From: A common copy-number breakpoint of ERBB2 amplification in breast cancer colocalizes with a complex block of segmental duplications

Figure 1

The breakage-fusion-bridge (BFB) cycles in chromosome 17 create the gradient of copy-number increases for ERBB2 amplification (model). (A) A break at the telomeric side of the ERBB2 gene can initiate the BFB cycles and can result in ERBB2 amplification. Genomic segments harboring the ERBB2 gene are shown in red; the flanking centromeric segment is shown in yellow; and a telomeric fragment is shown in blue.

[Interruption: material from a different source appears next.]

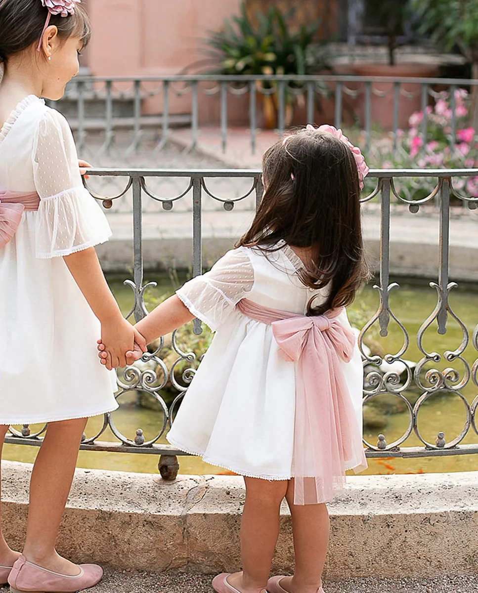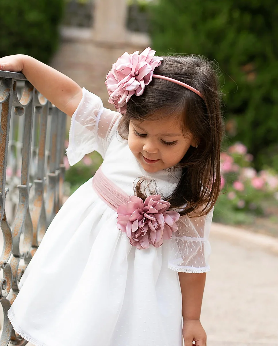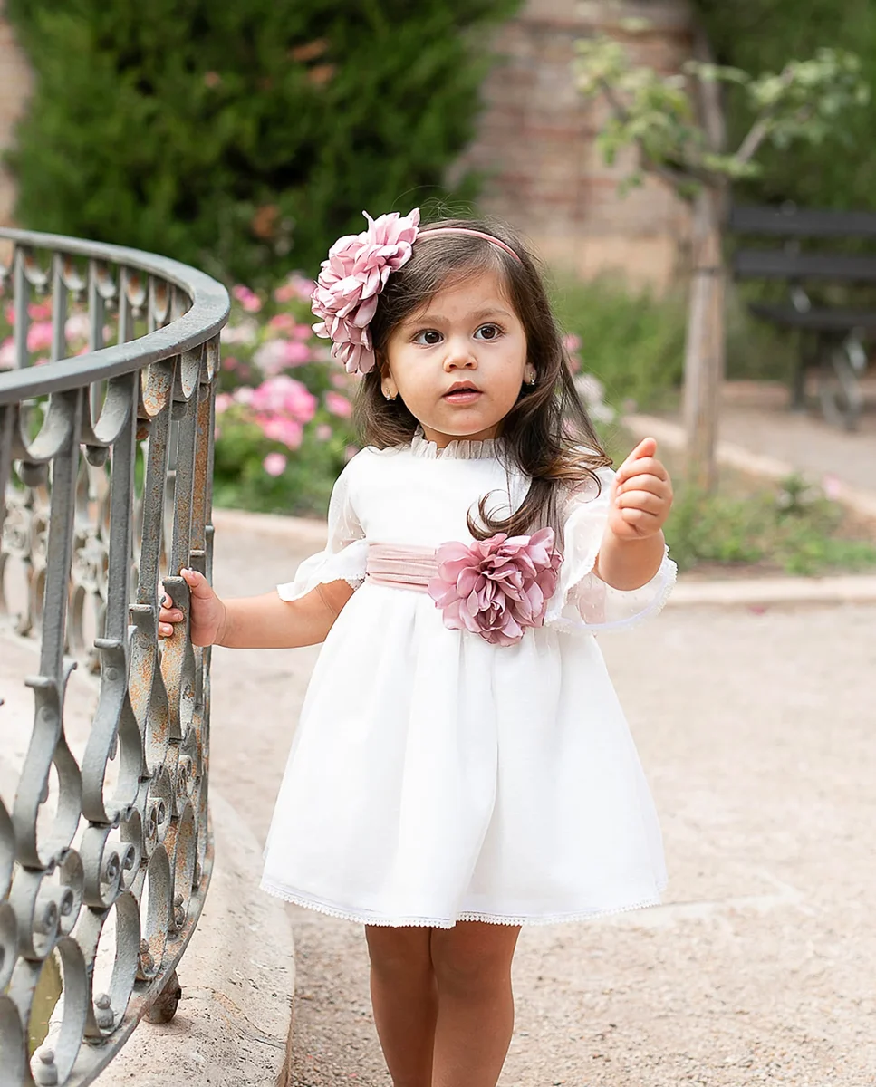 Precioso Jesusito de niña, confeccionado de tejido de tul en color blanco, cuello redondo con un volantito en el filo, manga francesa con volante que le da un toque muy elegante y delicado, espalda con escote en V, abotonado por detrás y lazo de tul en rosa empolvado y braguita de tul forrada de tejido de algodón. No incluye las flores.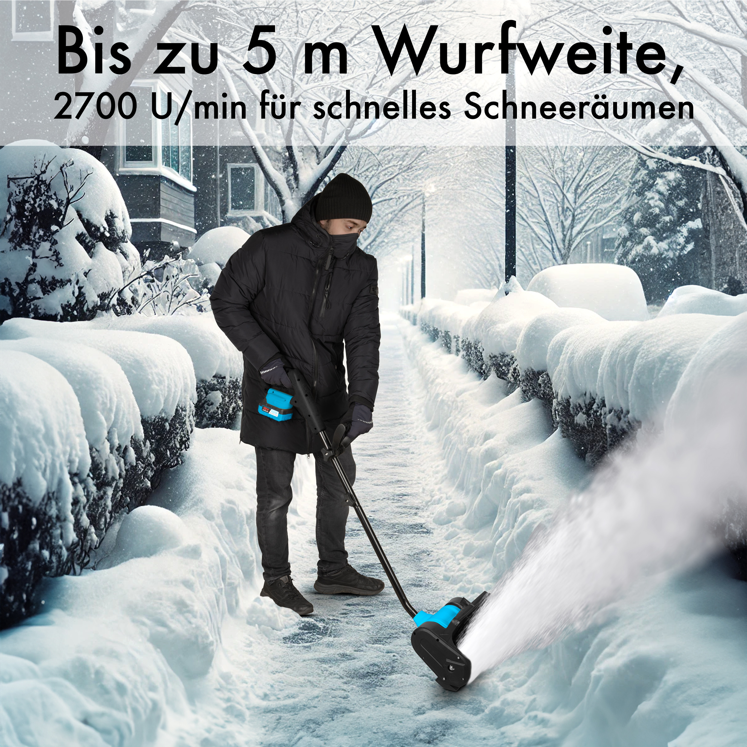 Die Akku-Schneefräse von AGT ermöglicht kabelloses und flexibles Schneeräumen auf Gehwegen, Einfahrten und Terrassen. Nach dem Einlegen des separat erhältlichen Akkus ist das Gerät sofort einsatzbereit.

In this figure, the initiating break between the blue and the white segments leads to a series of chromatid fusions and inverted duplications (centers shown in yellow triangles) that results in a chromosome with the amplified ERBB2 gene (star). (B) The BFB cycles can result in the gradient of copy-number increases on an array-CGH platform. Illustrated are a normal cell with two normal chromosomes and a tumor cell with a chromosome generated by the BFB cycles (star in A) and a normal chromosome. An array-CGH experiment for measuring relative copy number (tumor/normal) shows the gradient of copy-number increase toward the ERBB2 gene in the tumor cell (right). Red arrow, the copy-number transition that marks the initiating region of ERBB2 amplification.